Relative include names resolve against the directory of the including policy file (filepath.Dir(from)) when from is an absolute path. For top-level includes (from == "") or when from is not absolute, relative names resolve against BaseDir. The resolver returns the absolute path of the loaded file as the canonical name, so nested includes continue to resolve against the right directory and circular includes are detected reliably.

func (FileResolver) Resolve ¶ added in v0.9.0

func (r FileResolver) Resolve(from, name string) (canonical, text string, err error)

Resolve implements Resolver.

type ParseOption ¶

type ParseOption func(*parseConfig)

ParseOption configures the behavior of Parse.

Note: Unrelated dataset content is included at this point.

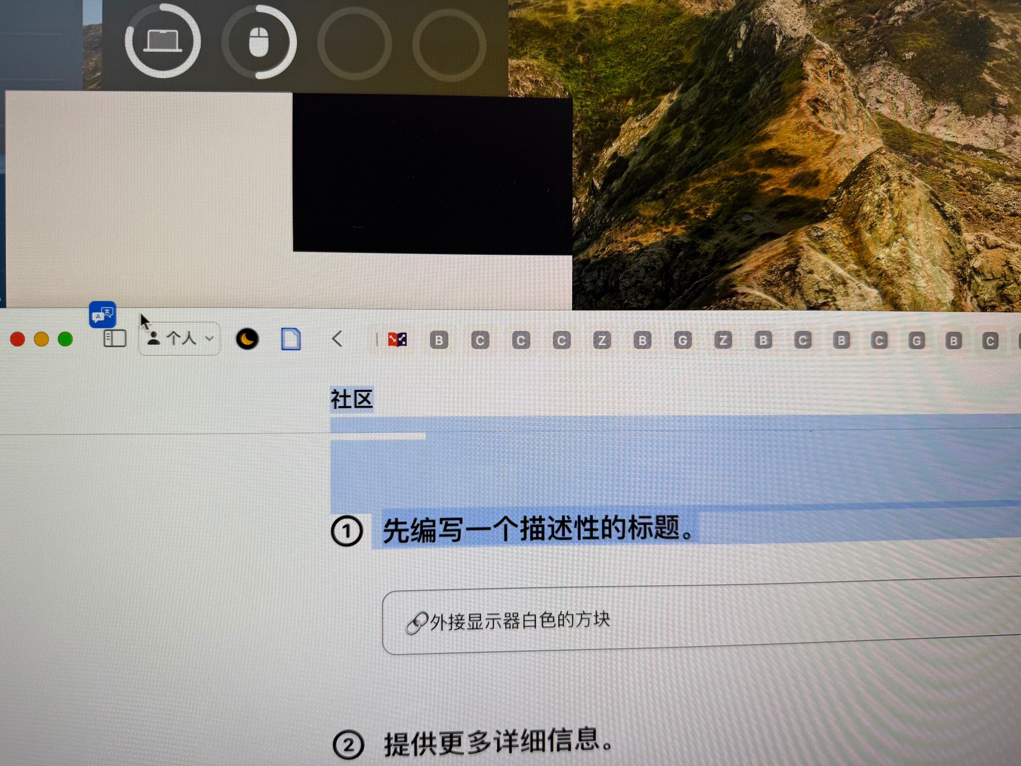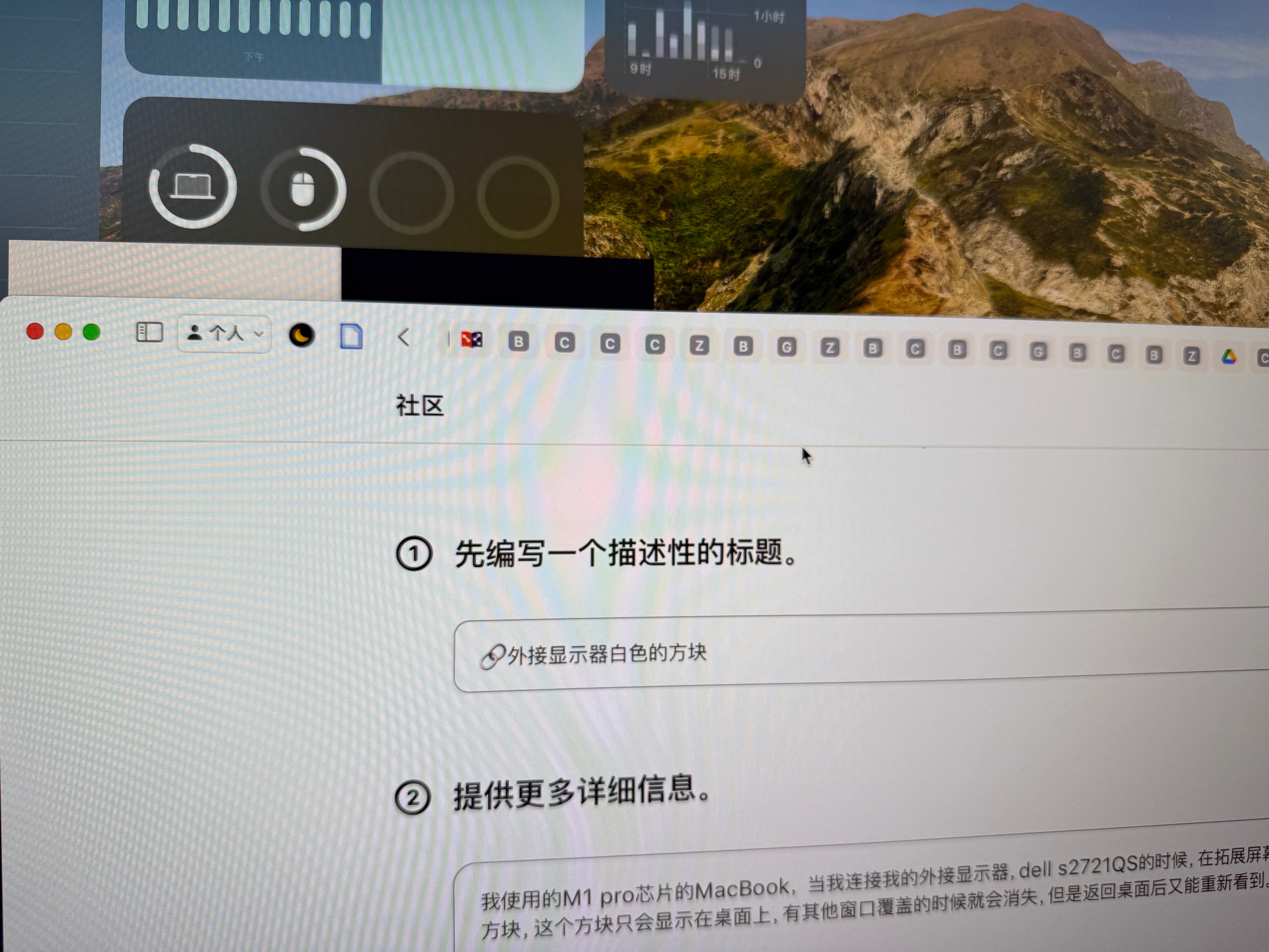 我使用的M1 pro芯片的MacBook, 当我连接我的外接显示器,dell s2721QS的时候,在拓展屏幕的桌面上会出现一个白色的方块,这个方块只会显示在桌面上,有其他窗口覆盖的时候就会被遮挡住,但是返回桌面后又能重新看到。这个问题之前出现过三四次了,每次重启后都会好一段时间,然后又突然出现,想问一下具体的原因以及解决方法。

func WithMaxIncludeDepth ¶

func WithMaxIncludeDepth(n int) ParseOption

WithMaxIncludeDepth sets the maximum nesting depth for include directives. The default is DefaultMaxIncludeDepth (64).

Example ¶

package main

import (
	"fmt"
	"log"

	"gitlab.com/grepular/htmlpolicy"
)

func main() {
	policy, err := htmlpolicy.Parse(`
		strip-tag script,style
	`, htmlpolicy.WithMaxIncludeDepth(4))
	if err != nil {
		log.Fatal(err)
	}

	output, _, err := policy.ApplyHTML([]byte("<p>Hello</p><script>evil</script>"))
	if err != nil {
		log.Fatal(err)
	}
	fmt.Println(string(output))
}

Output:
<p>Hello</p>

func WithPrefix ¶ added in v0.9.0

func WithPrefix(prefix string) ParseOption

WithPrefix sets the base prefix used when generating names for the CommentOut action (e.g. "PREFIX-commented-out ...") and every defang action (defang-attr/defang-scheme/defang-content-type, the CSS defang verbs, and SVG animated-value defang, e.g. "PREFIX-defanged-onclick"). The default is "htmlpolicy".

The prefix must be non-empty and contain only ASCII letters, digits, or hyphens; an invalid prefix is reported as an error from Parse. A "prefix" directive in the policy text sets the same value and, being applied during parsing, takes precedence over WithPrefix.

Example ¶

package main

import (
	"fmt"
	"log"

	"gitlab.com/grepular/htmlpolicy"
)

func main() {
	policy, err := htmlpolicy.Parse(`
		defang-attr * onclick
		comment-out-tag script
	`, htmlpolicy.WithPrefix("myapp"))
	if err != nil {
		log.Fatal(err)
	}

	output, _, err := policy.ApplyHTML([]byte(`<p onclick="track()">Hello</p><script>evil</script>`))
	if err != nil {
		log.Fatal(err)
	}
	fmt.Println(string(output))
}

Output:
<p myapp-defanged-onclick="track()">Hello</p><!--myapp-commented-out <script>evil</script>-->

Example (Error) ¶

package main

import (
	"fmt"

	"gitlab.com/grepular/htmlpolicy"
)

func main() {
	_, err := htmlpolicy.Parse(`defang-attr * on*`, htmlpolicy.WithPrefix(""))
	fmt.Println(err)
}

Output:
prefix must not be empty

func WithResolver ¶ added in v0.9.0

func WithResolver(r Resolver) ParseOption

WithResolver sets the Resolver used to load policies referenced by include directives (by name or path). It is only needed when the policy contains include directives that are not built-in presets ("include builtin:NAME" works without a resolver).

type Policy ¶

type Policy struct {
	// contains filtered or unexported fields
}

Policy is a compiled set of rules for sanitizing HTML, CSS, and SVG content.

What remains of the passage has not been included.